Readers may recall that we have implemented comment moderation back in October and what we’ve been chiefly excluding are comments from Gordon Watson, one the founders of the raw milk movement in B.C. Gordon has periodically written to the Bovine to complain about being not able to answer his critics, and so, in the interests of fairness, we are going to re-open that debate on The Bovine, even though, frankly, it’s outside our comfort zone.
And just as an example of how you can talk about race without being racist, in his book “Civilization”, historian Niall Ferguson looks at what he calls “the west, and the rest” over the past 500 years, and tries to tease out what were the “killer apps” that allowed the west to maintain its ascendancy over “the rest”. And he considers the question of what is the outlook for the future. In his view the west has lost its nerve on a number of fronts and is starting to fall behind. Niall is married to a black woman, Ayann Hirsi Ali.
So does Gordon sees raw milk as some sort of catalyst for white people to regain their nerve vis a vis these qualities that once made the west dominant in the world?
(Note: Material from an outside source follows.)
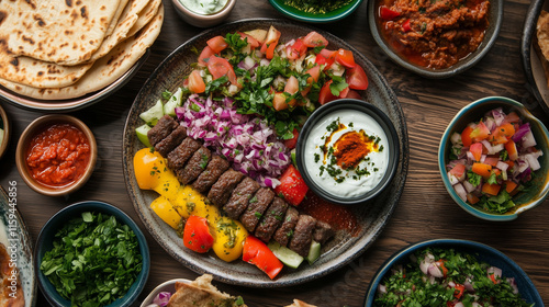 High-angle view of kibbeh with a side of yogurt sauce, vibrant and traditional Lebanese presentation
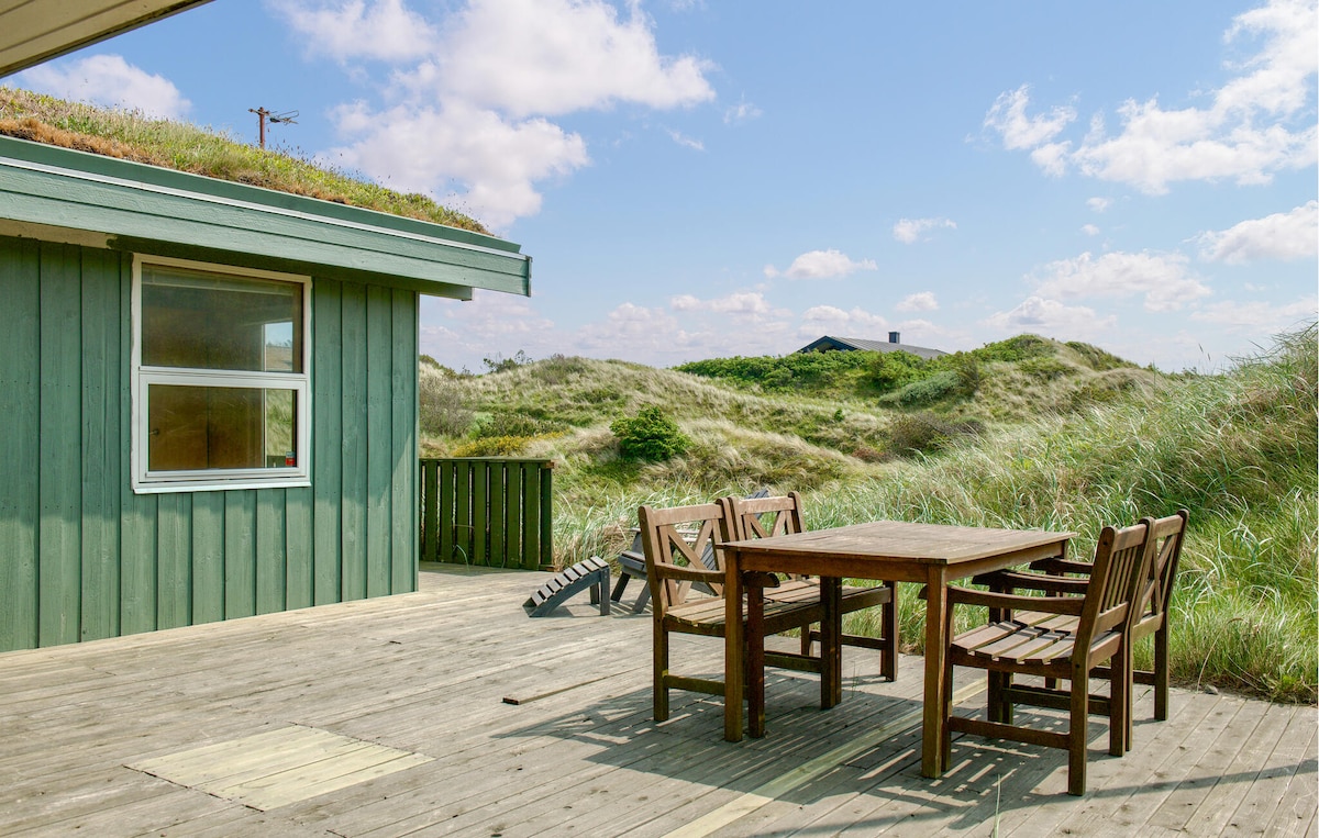 Relájate con toda la familia en este alojamiento tranquilo. A 300 metros a pie de la fantástica playa de arena, a través de las características dunas de la costa oeste. Terraza de madera completamente privada que rodea la casa, lo que te permite encontrar siempre un gran lugar para disfrutar del sol, ¡o saltar al baño en la naturaleza para relajarte! ¡Prepárate para experimentar los muchos lugares interesantes del norte de Jutlandia a poca distancia en coche! Nota: las sábanas/ropa de cama se pueden alquilar por un cargo adicional de 25 euros/persona

Here’s an excerpt from an email I sent to Gordon yesterday, somewhat altered due to subsequent deliberations:
Gordon, I gather from your emails and comments intended for the Bovine blog, that you feel you’ve been unfairly treated on the Bovine blog because we’ve not published many of your comments. And you’re specifically troubled that you haven’t been able to reply appropriately to those who’ve criticized you (or as you see it, “slandered” you) in comments on the blog. You’ve suggested that I apologize. Well Gordon, I am sorry and I do apologize if I have been unfair to you in allowing comments to be posted that you feel are slanderous of you as a person, without allowing you to reply publicly to those accusations. So as you requested, I’m giving you that chance to reply to those comments now.
But I hope you can appreciate that my concern that you lead people to think that the raw milk and food rights movement is in some way racially discriminatory and “not for everyone”. And I gather that you think that people’s comments on your comments on some previous Bovine posts are incorrectly saying that they think you ARE practicing unfair racial discrimination because you make distinctions between how peoples of different races relate to milk as a food. It would probably help people to appreciate your position if you could moderate the tone of your commentary.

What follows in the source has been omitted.